** Opening Data listing block **

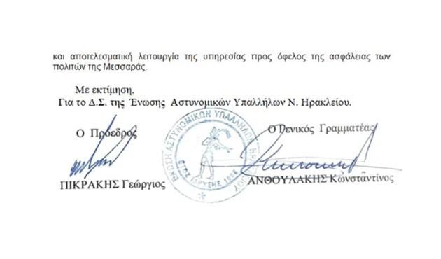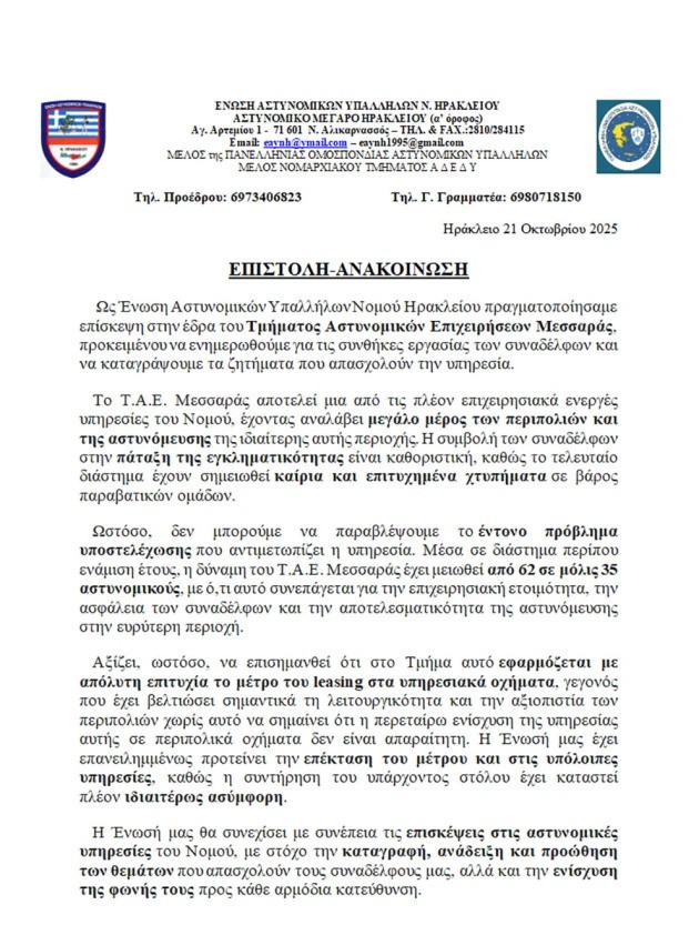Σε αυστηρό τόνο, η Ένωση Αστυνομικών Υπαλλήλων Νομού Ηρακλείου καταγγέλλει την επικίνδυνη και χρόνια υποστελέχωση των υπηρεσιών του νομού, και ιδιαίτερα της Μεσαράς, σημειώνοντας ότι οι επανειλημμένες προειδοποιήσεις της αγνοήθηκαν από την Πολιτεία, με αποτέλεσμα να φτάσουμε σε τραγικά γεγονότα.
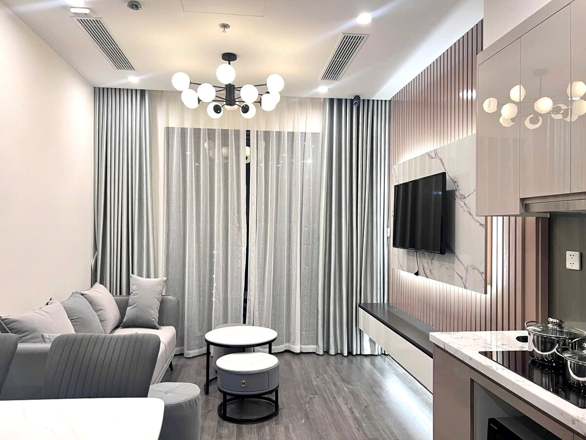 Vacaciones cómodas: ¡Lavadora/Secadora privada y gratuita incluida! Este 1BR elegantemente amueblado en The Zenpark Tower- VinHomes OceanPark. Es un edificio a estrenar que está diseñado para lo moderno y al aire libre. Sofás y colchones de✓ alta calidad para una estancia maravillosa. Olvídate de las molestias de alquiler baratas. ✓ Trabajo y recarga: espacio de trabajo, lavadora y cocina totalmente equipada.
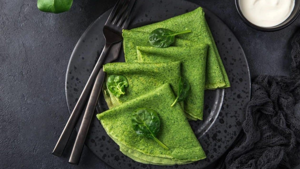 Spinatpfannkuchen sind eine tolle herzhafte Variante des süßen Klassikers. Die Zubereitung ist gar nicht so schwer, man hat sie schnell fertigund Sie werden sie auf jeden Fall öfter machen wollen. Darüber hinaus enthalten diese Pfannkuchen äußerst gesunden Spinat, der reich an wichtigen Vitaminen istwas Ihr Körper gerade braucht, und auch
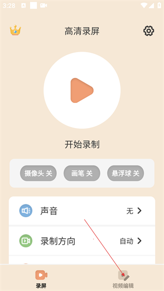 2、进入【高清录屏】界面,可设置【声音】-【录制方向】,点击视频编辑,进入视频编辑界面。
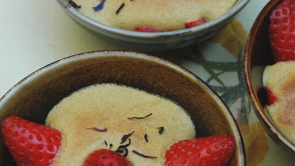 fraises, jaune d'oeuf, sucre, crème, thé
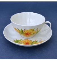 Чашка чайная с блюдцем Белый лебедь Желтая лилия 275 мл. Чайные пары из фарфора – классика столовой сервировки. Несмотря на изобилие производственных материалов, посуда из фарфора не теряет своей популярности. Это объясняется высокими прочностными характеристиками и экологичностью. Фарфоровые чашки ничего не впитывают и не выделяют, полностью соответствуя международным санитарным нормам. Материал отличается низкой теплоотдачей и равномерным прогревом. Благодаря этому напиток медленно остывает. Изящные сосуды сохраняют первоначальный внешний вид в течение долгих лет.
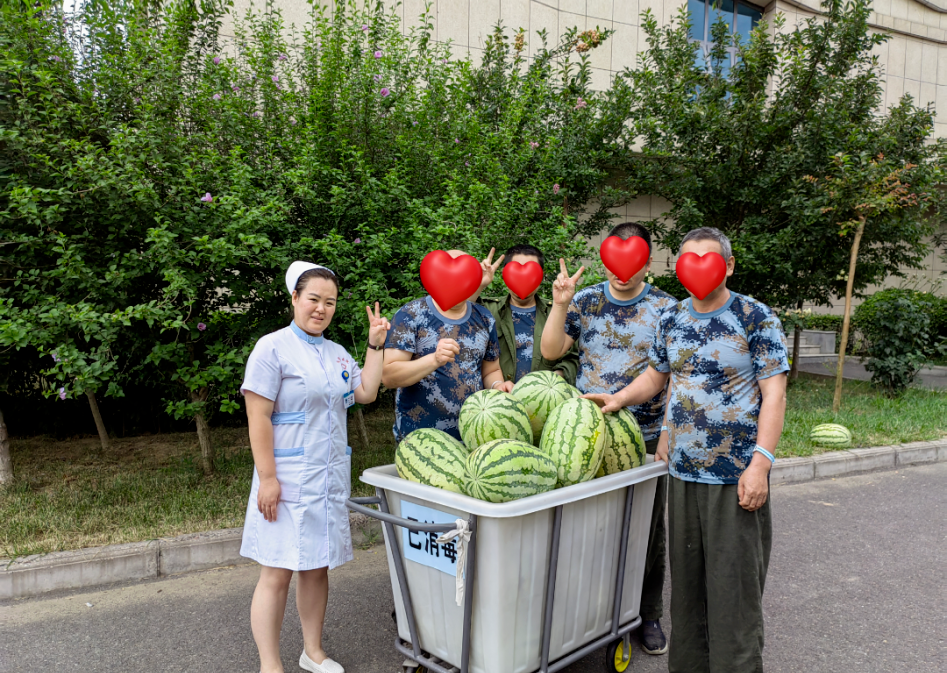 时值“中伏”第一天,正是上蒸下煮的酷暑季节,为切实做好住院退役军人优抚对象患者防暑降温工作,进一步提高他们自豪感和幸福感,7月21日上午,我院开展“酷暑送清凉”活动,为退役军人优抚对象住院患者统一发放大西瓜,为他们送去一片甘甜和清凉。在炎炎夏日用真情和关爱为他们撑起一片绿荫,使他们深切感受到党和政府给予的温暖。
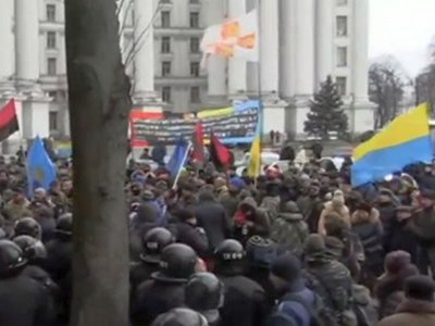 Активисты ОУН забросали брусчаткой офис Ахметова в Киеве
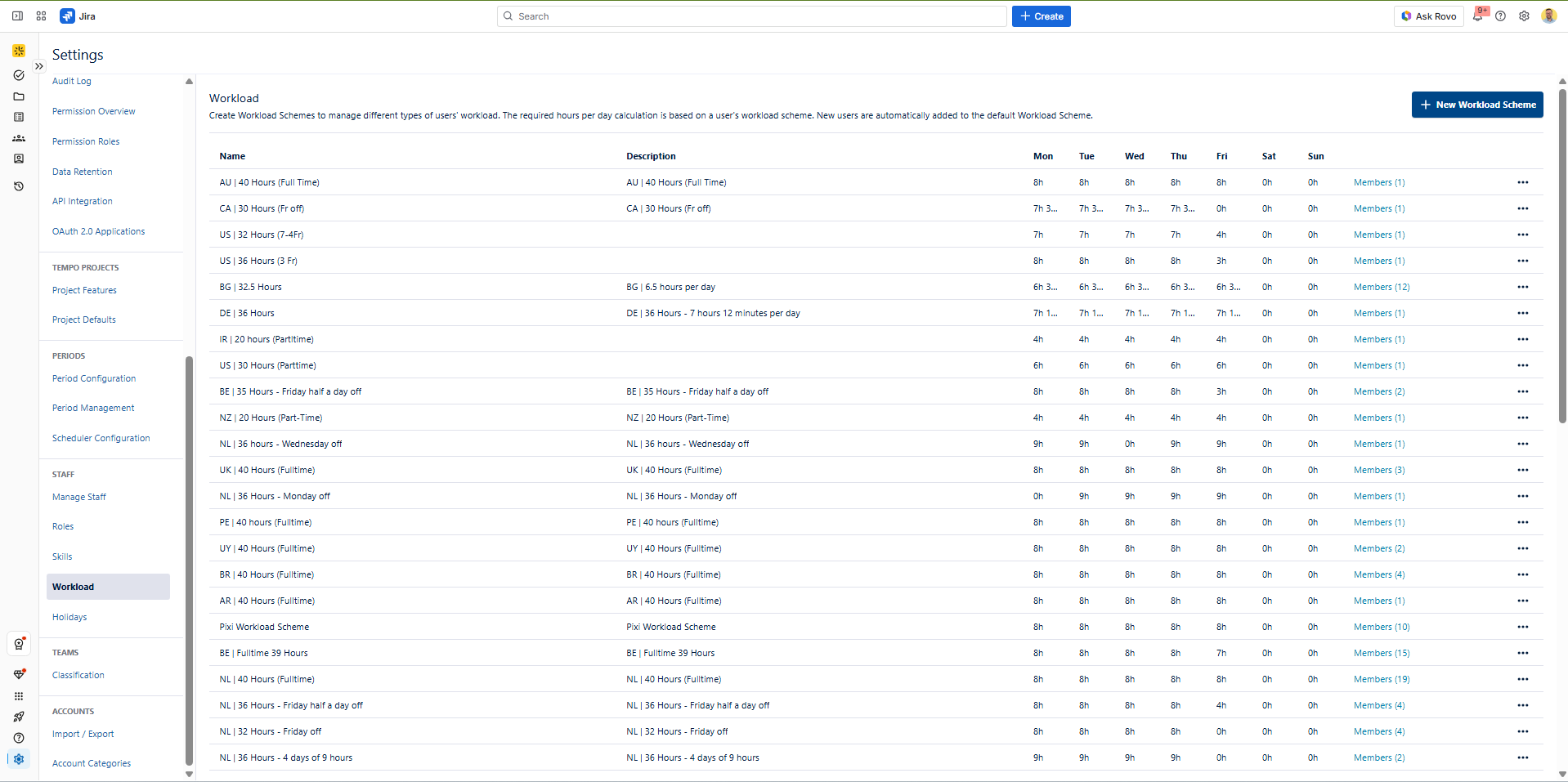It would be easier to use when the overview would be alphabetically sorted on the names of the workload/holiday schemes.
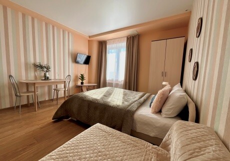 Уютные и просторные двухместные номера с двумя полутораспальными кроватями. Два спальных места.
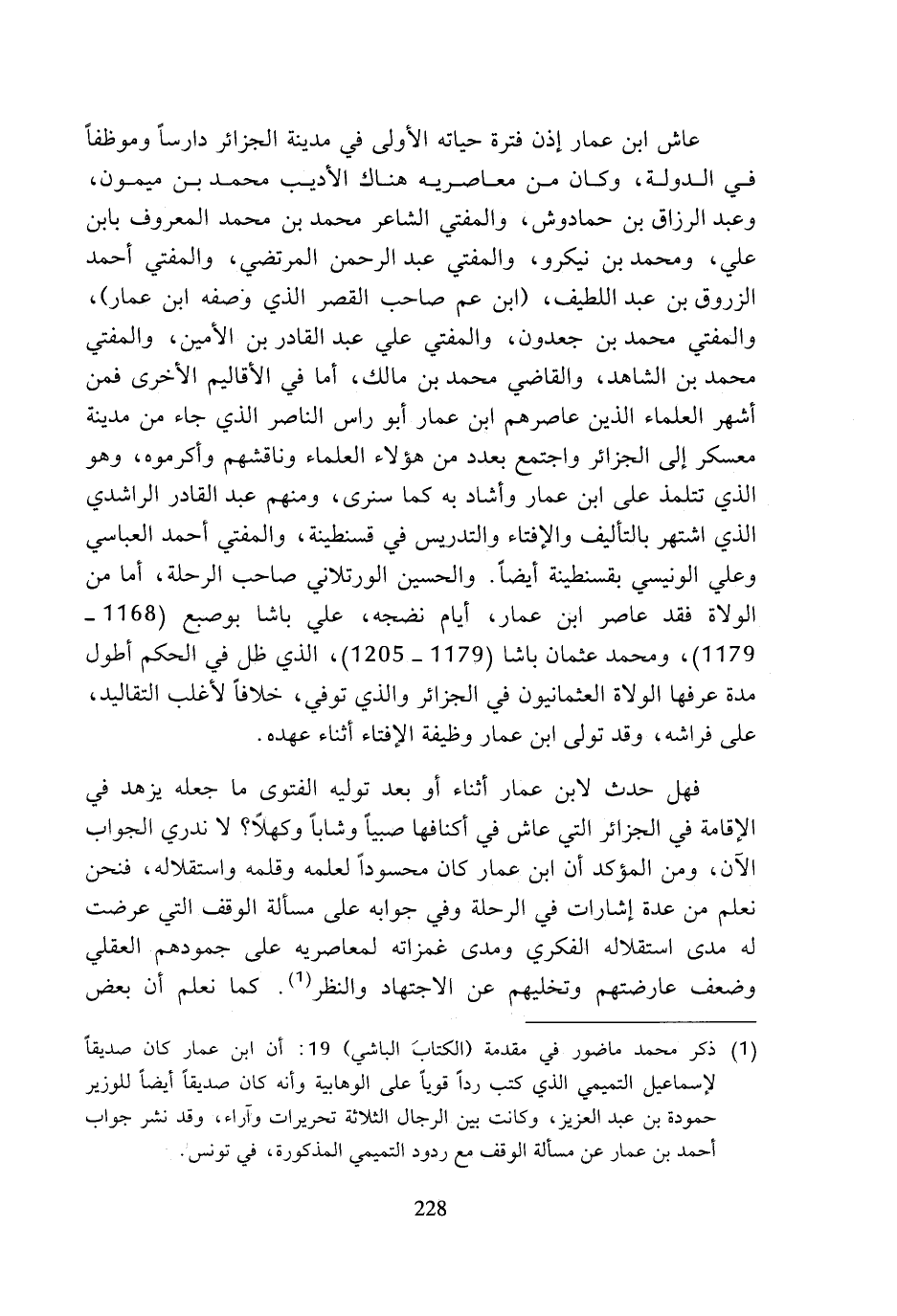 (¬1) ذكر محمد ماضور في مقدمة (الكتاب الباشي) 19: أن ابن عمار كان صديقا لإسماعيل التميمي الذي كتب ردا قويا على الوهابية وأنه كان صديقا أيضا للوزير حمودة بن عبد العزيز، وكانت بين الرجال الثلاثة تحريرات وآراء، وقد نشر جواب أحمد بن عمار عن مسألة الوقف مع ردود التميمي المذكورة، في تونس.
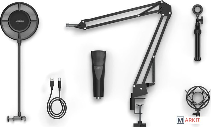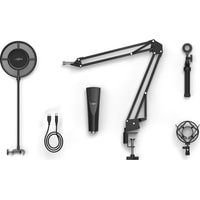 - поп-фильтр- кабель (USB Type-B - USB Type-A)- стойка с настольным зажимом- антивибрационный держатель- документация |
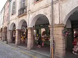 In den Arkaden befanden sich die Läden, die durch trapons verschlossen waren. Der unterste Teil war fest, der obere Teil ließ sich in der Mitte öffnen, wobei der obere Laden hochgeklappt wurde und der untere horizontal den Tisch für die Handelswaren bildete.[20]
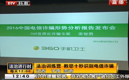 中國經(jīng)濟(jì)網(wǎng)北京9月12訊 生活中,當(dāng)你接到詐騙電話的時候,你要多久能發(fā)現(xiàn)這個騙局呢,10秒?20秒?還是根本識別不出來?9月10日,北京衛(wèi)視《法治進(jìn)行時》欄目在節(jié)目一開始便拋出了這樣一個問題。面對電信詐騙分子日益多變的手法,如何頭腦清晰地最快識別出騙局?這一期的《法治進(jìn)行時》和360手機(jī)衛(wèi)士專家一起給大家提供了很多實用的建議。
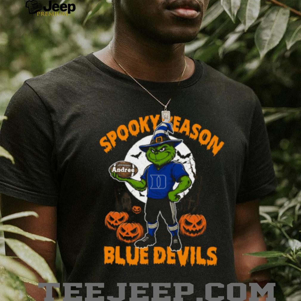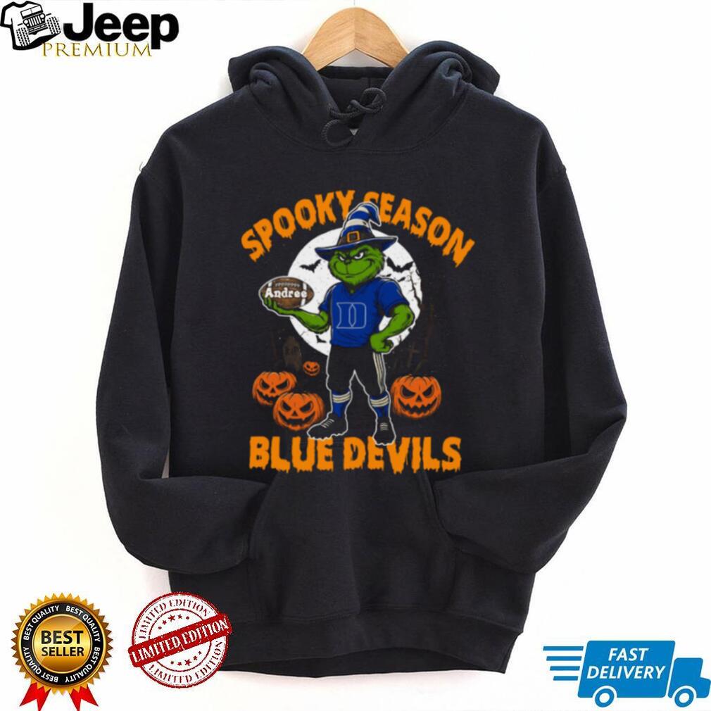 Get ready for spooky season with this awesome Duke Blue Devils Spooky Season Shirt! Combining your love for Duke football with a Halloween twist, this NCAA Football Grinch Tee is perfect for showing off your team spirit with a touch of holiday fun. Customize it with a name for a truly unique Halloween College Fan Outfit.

** Closing Data listing block **

:: Exercise requirements ::
Repeat the listing in full and exactly. Do not include any images.

:: Result ::
Σε αυστηρό τόνο, η Ένωση Αστυνομικών Υπαλλήλων Νομού Ηρακλείου καταγγέλλει την επικίνδυνη και χρόνια υποστελέχωση των υπηρεσιών του νομού, και ιδιαίτερα της Μεσαράς, σημειώνοντας ότι οι επανειλημμένες προειδοποιήσεις της αγνοήθηκαν από την Πολιτεία, με αποτέλεσμα να φτάσουμε σε τραγικά γεγονότα.
 Vacaciones cómodas: ¡Lavadora/Secadora privada y gratuita incluida! Este 1BR elegantemente amueblado en The Zenpark Tower- VinHomes OceanPark. Es un edificio a estrenar que está diseñado para lo moderno y al aire libre. Sofás y colchones de✓ alta calidad para una estancia maravillosa. Olvídate de las molestias de alquiler baratas. ✓ Trabajo y recarga: espacio de trabajo, lavadora y cocina totalmente equipada.
 Spinatpfannkuchen sind eine tolle herzhafte Variante des süßen Klassikers. Die Zubereitung ist gar nicht so schwer, man hat sie schnell fertigund Sie werden sie auf jeden Fall öfter machen wollen. Darüber hinaus enthalten diese Pfannkuchen äußerst gesunden Spinat, der reich an wichtigen Vitaminen istwas Ihr Körper gerade braucht, und auch
 2、进入【高清录屏】界面,可设置【声音】-【录制方向】,点击视频编辑,进入视频编辑界面。
 fraises, jaune d'oeuf, sucre, crème, thé
 Чашка чайная с блюдцем Белый лебедь Желтая лилия 275 мл. Чайные пары из фарфора – классика столовой сервировки. Несмотря на изобилие производственных материалов, посуда из фарфора не теряет своей популярности. Это объясняется высокими прочностными характеристиками и экологичностью. Фарфоровые чашки ничего не впитывают и не выделяют, полностью соответствуя международным санитарным нормам. Материал отличается низкой теплоотдачей и равномерным прогревом. Благодаря этому напиток медленно остывает. Изящные сосуды сохраняют первоначальный внешний вид в течение долгих лет.
 时值“中伏”第一天,正是上蒸下煮的酷暑季节,为切实做好住院退役军人优抚对象患者防暑降温工作,进一步提高他们自豪感和幸福感,7月21日上午,我院开展“酷暑送清凉”活动,为退役军人优抚对象住院患者统一发放大西瓜,为他们送去一片甘甜和清凉。在炎炎夏日用真情和关爱为他们撑起一片绿荫,使他们深切感受到党和政府给予的温暖。
 Активисты ОУН забросали брусчаткой офис Ахметова в Киеве
It would be easier to use when the overview would be alphabetically sorted on the names of the workload/holiday schemes.
 Уютные и просторные двухместные номера с двумя полутораспальными кроватями. Два спальных места.
 (¬1) ذكر محمد ماضور في مقدمة (الكتاب الباشي) 19: أن ابن عمار كان صديقا لإسماعيل التميمي الذي كتب ردا قويا على الوهابية وأنه كان صديقا أيضا للوزير حمودة بن عبد العزيز، وكانت بين الرجال الثلاثة تحريرات وآراء، وقد نشر جواب أحمد بن عمار عن مسألة الوقف مع ردود التميمي المذكورة، في تونس.
 - поп-фильтр- кабель (USB Type-B - USB Type-A)- стойка с настольным зажимом- антивибрационный держатель- документация |
 In den Arkaden befanden sich die Läden, die durch trapons verschlossen waren. Der unterste Teil war fest, der obere Teil ließ sich in der Mitte öffnen, wobei der obere Laden hochgeklappt wurde und der untere horizontal den Tisch für die Handelswaren bildete.[20]
 中國經(jīng)濟(jì)網(wǎng)北京9月12訊 生活中,當(dāng)你接到詐騙電話的時候,你要多久能發(fā)現(xiàn)這個騙局呢,10秒?20秒?還是根本識別不出來?9月10日,北京衛(wèi)視《法治進(jìn)行時》欄目在節(jié)目一開始便拋出了這樣一個問題。面對電信詐騙分子日益多變的手法,如何頭腦清晰地最快識別出騙局?這一期的《法治進(jìn)行時》和360手機(jī)衛(wèi)士專家一起給大家提供了很多實用的建議。
 Get ready for spooky season with this awesome Duke Blue Devils Spooky Season Shirt! Combining your love for Duke football with a Halloween twist, this NCAA Football Grinch Tee is perfect for showing off your team spirit with a touch of holiday fun. Customize it with a name for a truly unique Halloween College Fan Outfit.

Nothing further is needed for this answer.